* Try it: For the material below, reproduce exactly each line from the one that has "Состав: молочный шоколад" through the one that has "It was grim", and no others; pictures stay out.

---+---

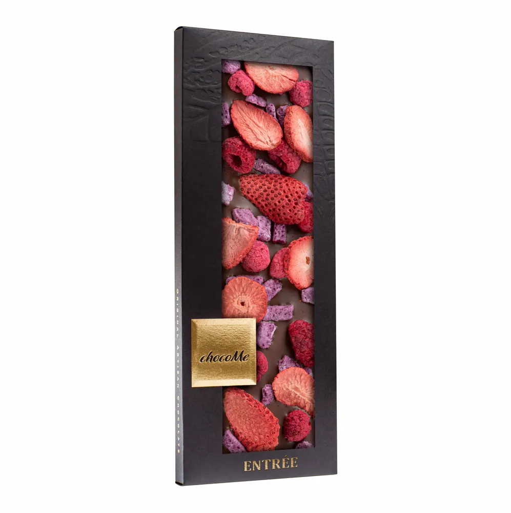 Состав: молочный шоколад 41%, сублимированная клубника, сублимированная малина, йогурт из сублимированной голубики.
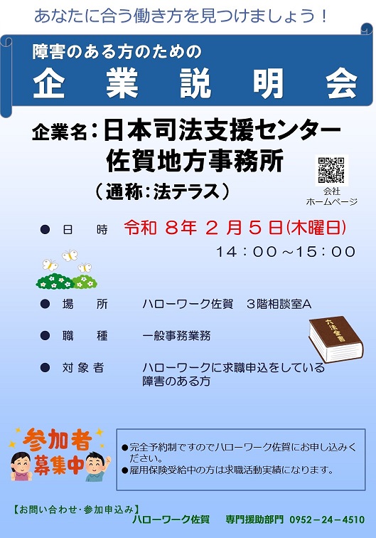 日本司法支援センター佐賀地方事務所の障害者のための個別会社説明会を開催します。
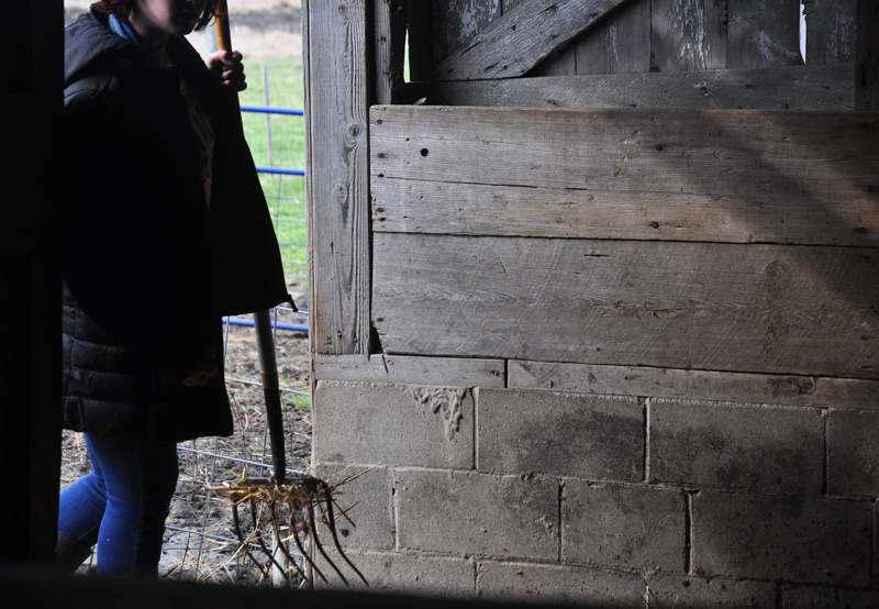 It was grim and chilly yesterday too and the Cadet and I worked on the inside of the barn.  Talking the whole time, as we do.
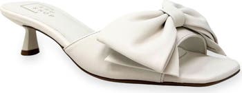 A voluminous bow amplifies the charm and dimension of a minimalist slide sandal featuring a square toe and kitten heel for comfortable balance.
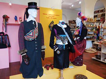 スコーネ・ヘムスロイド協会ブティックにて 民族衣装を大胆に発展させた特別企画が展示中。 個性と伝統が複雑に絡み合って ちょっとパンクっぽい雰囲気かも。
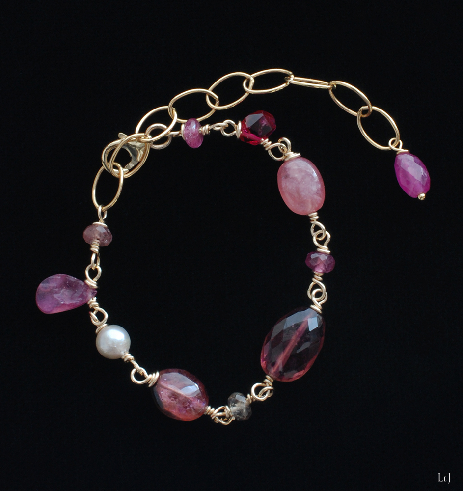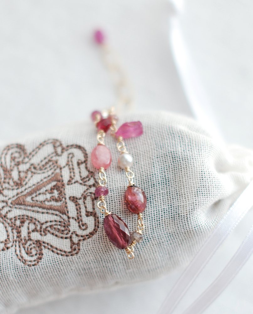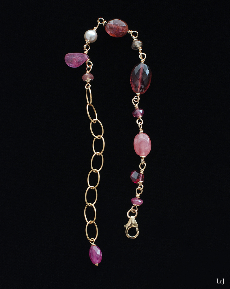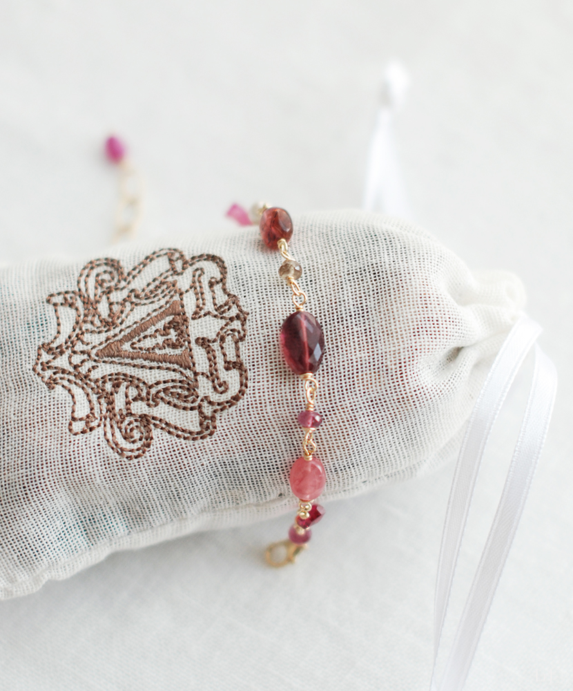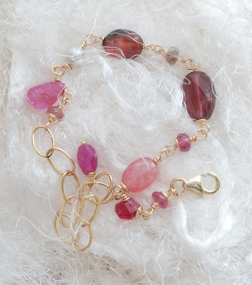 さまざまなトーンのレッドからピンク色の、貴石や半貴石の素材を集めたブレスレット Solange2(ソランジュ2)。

---+---

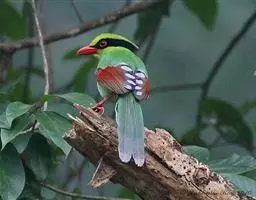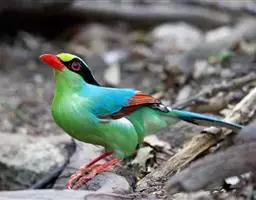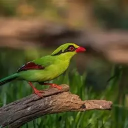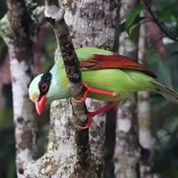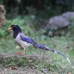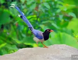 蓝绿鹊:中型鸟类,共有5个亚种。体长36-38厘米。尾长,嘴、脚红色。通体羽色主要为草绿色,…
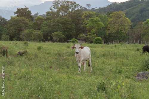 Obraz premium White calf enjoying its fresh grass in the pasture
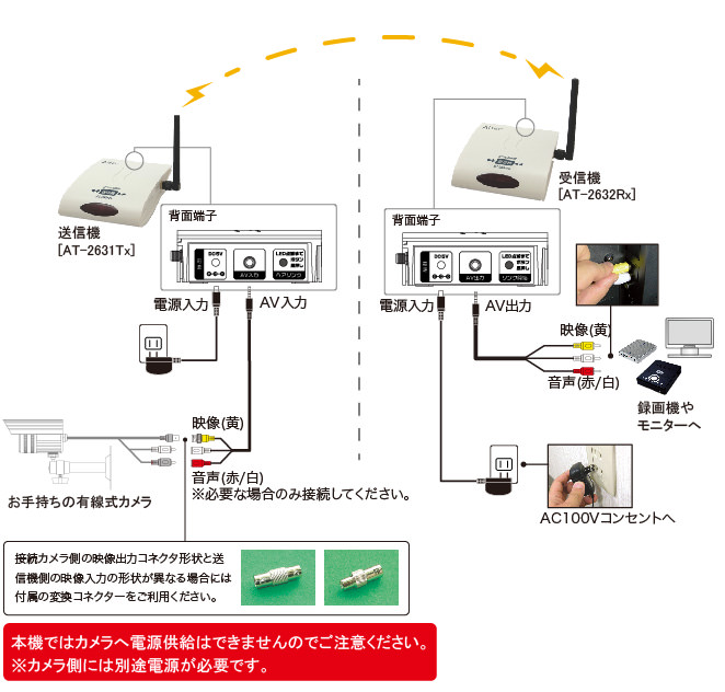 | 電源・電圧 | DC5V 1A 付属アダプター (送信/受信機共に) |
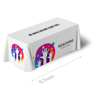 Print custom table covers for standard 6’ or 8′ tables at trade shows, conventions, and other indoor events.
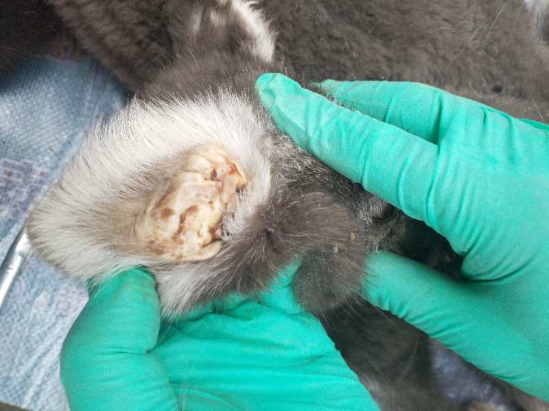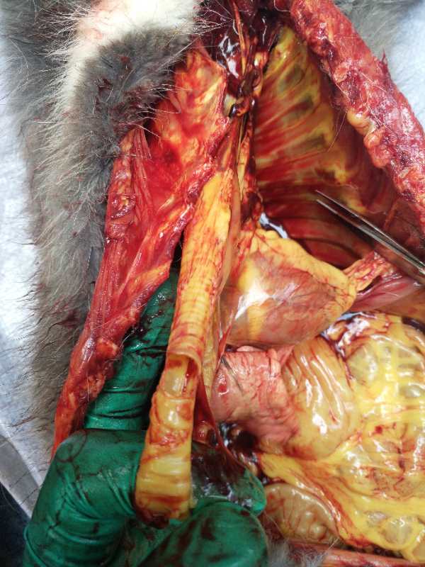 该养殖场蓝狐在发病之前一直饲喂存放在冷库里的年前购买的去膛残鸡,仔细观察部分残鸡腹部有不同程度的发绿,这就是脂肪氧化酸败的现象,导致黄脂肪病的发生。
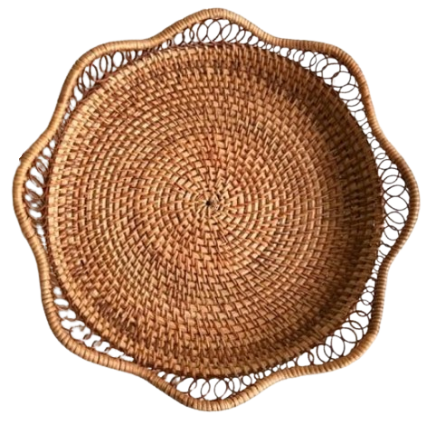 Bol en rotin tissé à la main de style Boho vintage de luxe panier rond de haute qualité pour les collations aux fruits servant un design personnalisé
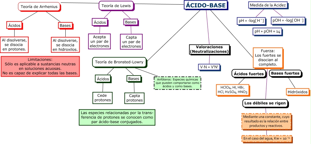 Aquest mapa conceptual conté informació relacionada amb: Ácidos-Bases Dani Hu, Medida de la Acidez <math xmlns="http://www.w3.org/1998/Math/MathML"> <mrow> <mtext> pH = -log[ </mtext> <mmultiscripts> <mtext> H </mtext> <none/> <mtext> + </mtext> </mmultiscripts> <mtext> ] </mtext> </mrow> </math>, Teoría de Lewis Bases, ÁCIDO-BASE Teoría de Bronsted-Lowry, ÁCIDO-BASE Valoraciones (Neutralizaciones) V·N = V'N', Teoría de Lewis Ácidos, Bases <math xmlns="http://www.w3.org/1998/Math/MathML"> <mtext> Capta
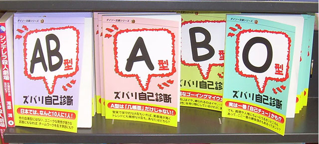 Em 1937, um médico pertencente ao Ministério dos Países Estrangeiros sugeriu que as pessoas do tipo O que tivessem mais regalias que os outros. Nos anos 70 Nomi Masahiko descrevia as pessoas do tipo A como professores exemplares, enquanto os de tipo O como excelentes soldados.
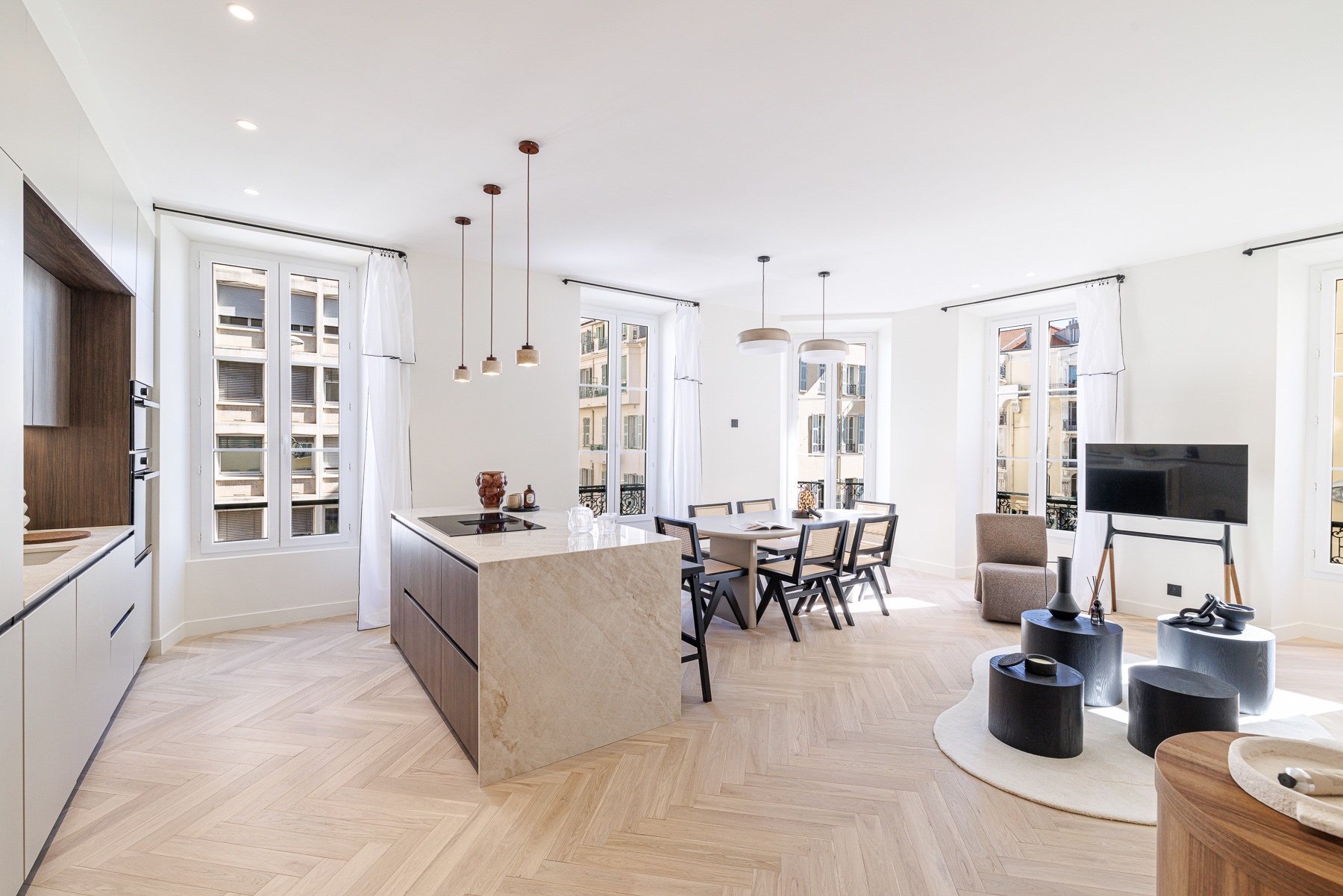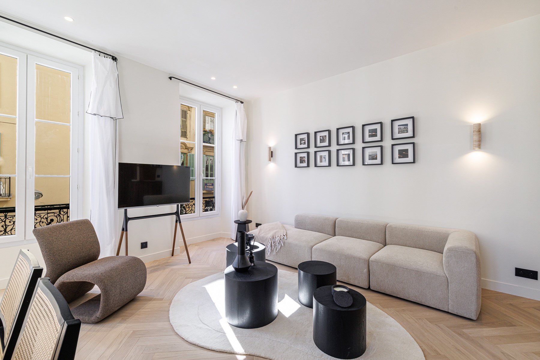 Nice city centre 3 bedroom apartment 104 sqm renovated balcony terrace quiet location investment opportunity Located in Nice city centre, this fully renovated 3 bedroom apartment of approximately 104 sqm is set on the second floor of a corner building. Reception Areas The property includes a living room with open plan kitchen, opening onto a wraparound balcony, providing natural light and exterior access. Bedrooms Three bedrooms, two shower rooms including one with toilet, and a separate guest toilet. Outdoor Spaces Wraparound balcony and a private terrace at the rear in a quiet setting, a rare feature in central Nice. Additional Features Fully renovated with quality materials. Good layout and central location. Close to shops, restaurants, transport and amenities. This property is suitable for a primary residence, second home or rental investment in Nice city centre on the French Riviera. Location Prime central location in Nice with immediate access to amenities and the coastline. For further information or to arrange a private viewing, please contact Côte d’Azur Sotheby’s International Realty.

---+---

* Completed task:
 Состав: молочный шоколад 41%, сублимированная клубника, сублимированная малина, йогурт из сублимированной голубики.
 日本司法支援センター佐賀地方事務所の障害者のための個別会社説明会を開催します。
 It was grim and chilly yesterday too and the Cadet and I worked on the inside of the barn.  Talking the whole time, as we do.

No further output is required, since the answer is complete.